- **YOUR OBJECTIVE**:
Drop the pictures; give again exactly the lines from the one holding "nodas – tokiam" through the end of the data.
***** RECORDS FOR THE TASK *****
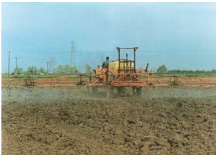
شکل ۱۱-۳- مصرف علف‌کش قبل از کاشت در اغلب شرایط، مطلوب و مقرون به صرفه است.

مقدار سم را فقط کارشناسان حفظ نباتات تعیین می‌کنند.
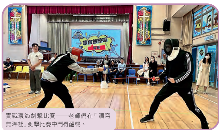
實戰環節劍擊比賽——老師們在「讀寫無障礙」劍擊比賽中鬥得酣暢。

「童行學習發展中心」亦為中小學提供教師專業培訓，讓老師能透過劍擊體驗運動學字，感受這項活動改善學習成果的有效性。
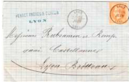
Lettre locale postée le 25 juin 1870 à Lyon (68, Rhône). Affranchie à 10c avec un timbre au type Empire lauré (YT 28), au tarif des lettres locales du 1 er avril 1830.
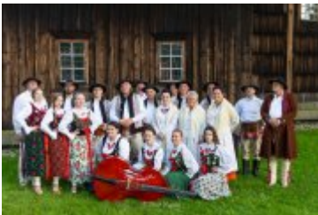
• 2024-07-06-Zagórzański Festiwal Folkloru i Tradycji
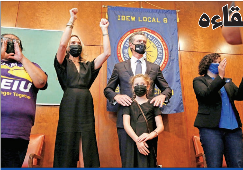
نيوسوم مع زوجته وابنتهما في سان فرانسيسكو أمس الأول

ترامب: المزاعم عن نيتي مهاجمة بكين «سخيفة»
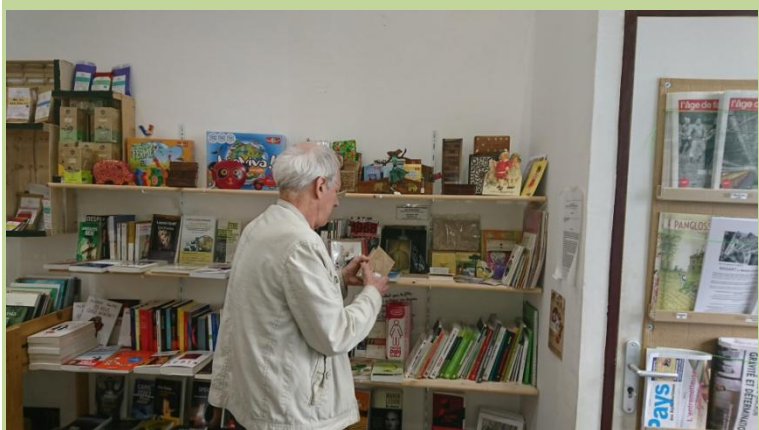
Artisan du Monde, 5 rue Vernier à Nice
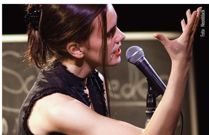
SCHIEFEREDEN | Poetry Slam

DIE WANZE (Insektenkrimi-Komödie von Paul Shipton) | Wanze Muldoon ist der beste – und einzige – Privatdetektiv im Garten. Als Insekten spurlos verschwinden, ahnt der Schnüffler schnell: Der gesamte Garten ist in Gefahr! Diese packende und urkomische Hommage an den Film Noir ist ein Fest der Schauspielkunst. DIE WANZE ist eine absurde, wahnwitzige und schwarze Komödie für Erwachsene.
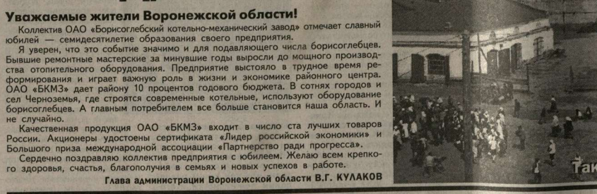
Так начинался завод.
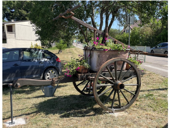
La pompe désormais fleurie est visible par tous
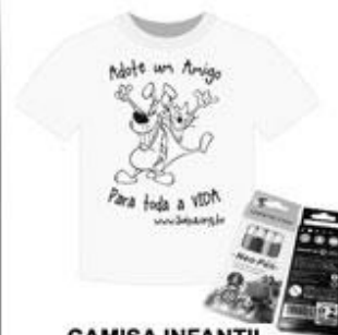
CAMISA INFANTIL R$ 28,00
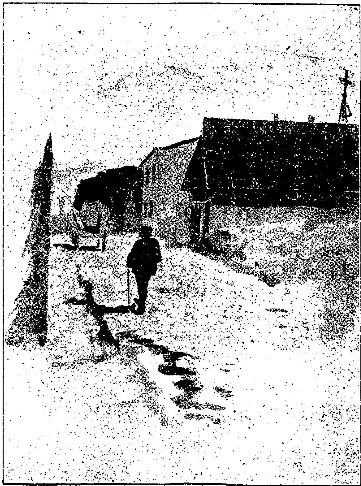
Klaipėda: žvėjų kampelis.

nodas – tokiam atsitikime, be abejonės, negali būti vienodos spalvos rankogaliai ir apikaklės; rankogalių ilgis nevienodas, rankogalių priedeliai – taip pat (jau galima matyti rankogalių priedelių, kurių viršutinis
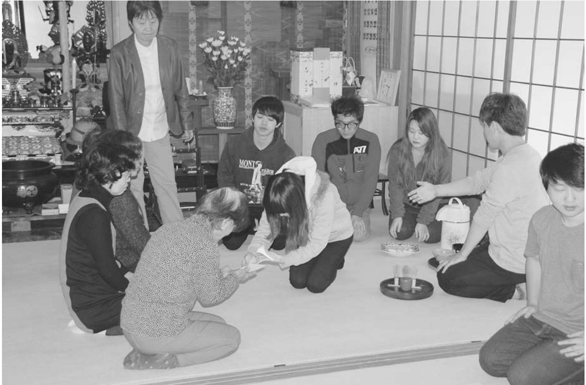
写真2 留学生によるミニ茶会（2014年10月30日）

留学生にとっても地域の方々にとっても、本プログラムはまさに「一期一会」の貴重な機会であり、その重みを自覚しながら、お互いにとって有意義で楽しい交流機会をこれからも提供し続けていきたい。また、グローバル化の流れと共に、国境、世代を越えた人々のつながりを育み、同時に留学生たちの長崎に対する新たな見識および異文化理解をより一層深めることに寄与していきたい。
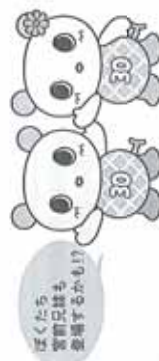
ほくたる宮前区民会議だよりを多量するかも！

※会場には保育ボランティアの方も参加いただきます ※ウォークラリーのみの参加を希望される方は当日12時半区役所大会場で受付（先着20人）
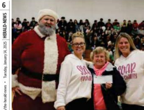
6 HERALD-NEWS Tuesdays, January 14, 2025 Herald-News/shawlocal.com/the-herald-news
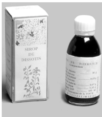
Figure 2 - Sirop de Dissotis rotundifolia
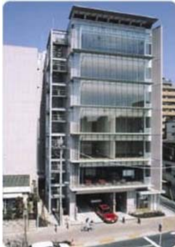
産業振興の拠点、中心市街地活性化の拠点施設「三鷹産業プラザ」
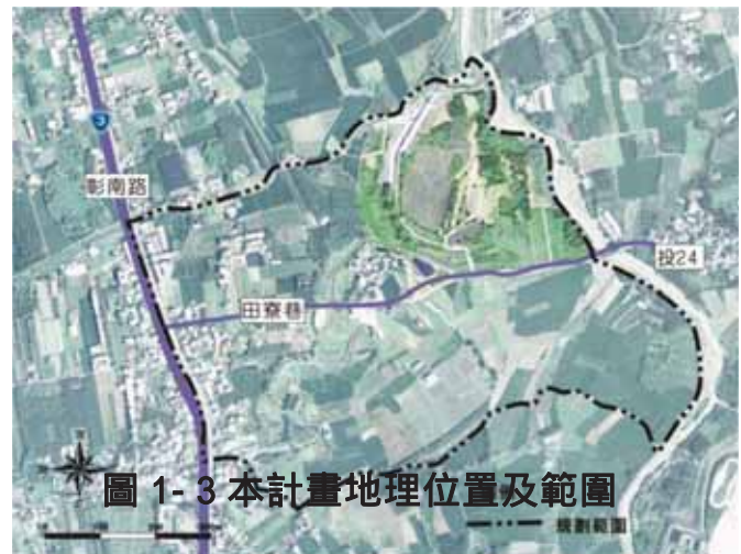
圖 1-3 本計畫地理位置及範圍

本計畫位於 南投縣名間鄉 新街村東北方，以田寮巷(投 24 鄉道)為南界、名間鄉鄉界線為北界，總面積約 46 公頃；區內有豐沛冷泉資源及湧泉聚集所形成之池塘，並有番子寮溪流域橫跨範圍內，冷泉、埤塘、濕地等水體資源豐富，其詳細分布範圍如右圖所示：
*****
- **WRITTEN ANSWER**:
nodas – tokiam atsitikime, be abejonės, negali būti vienodos spalvos rankogaliai ir apikaklės; rankogalių ilgis nevienodas, rankogalių priedeliai – taip pat (jau galima matyti rankogalių priedelių, kurių viršutinis
写真2 留学生によるミニ茶会（2014年10月30日）

留学生にとっても地域の方々にとっても、本プログラムはまさに「一期一会」の貴重な機会であり、その重みを自覚しながら、お互いにとって有意義で楽しい交流機会をこれからも提供し続けていきたい。また、グローバル化の流れと共に、国境、世代を越えた人々のつながりを育み、同時に留学生たちの長崎に対する新たな見識および異文化理解をより一層深めることに寄与していきたい。
ほくたる宮前区民会議だよりを多量するかも！

※会場には保育ボランティアの方も参加いただきます ※ウォークラリーのみの参加を希望される方は当日12時半区役所大会場で受付（先着20人）
6 HERALD-NEWS Tuesdays, January 14, 2025 Herald-News/shawlocal.com/the-herald-news
Figure 2 - Sirop de Dissotis rotundifolia
産業振興の拠点、中心市街地活性化の拠点施設「三鷹産業プラザ」
圖 1-3 本計畫地理位置及範圍

本計畫位於 南投縣名間鄉 新街村東北方，以田寮巷(投 24 鄉道)為南界、名間鄉鄉界線為北界，總面積約 46 公頃；區內有豐沛冷泉資源及湧泉聚集所形成之池塘，並有番子寮溪流域橫跨範圍內，冷泉、埤塘、濕地等水體資源豐富，其詳細分布範圍如右圖所示：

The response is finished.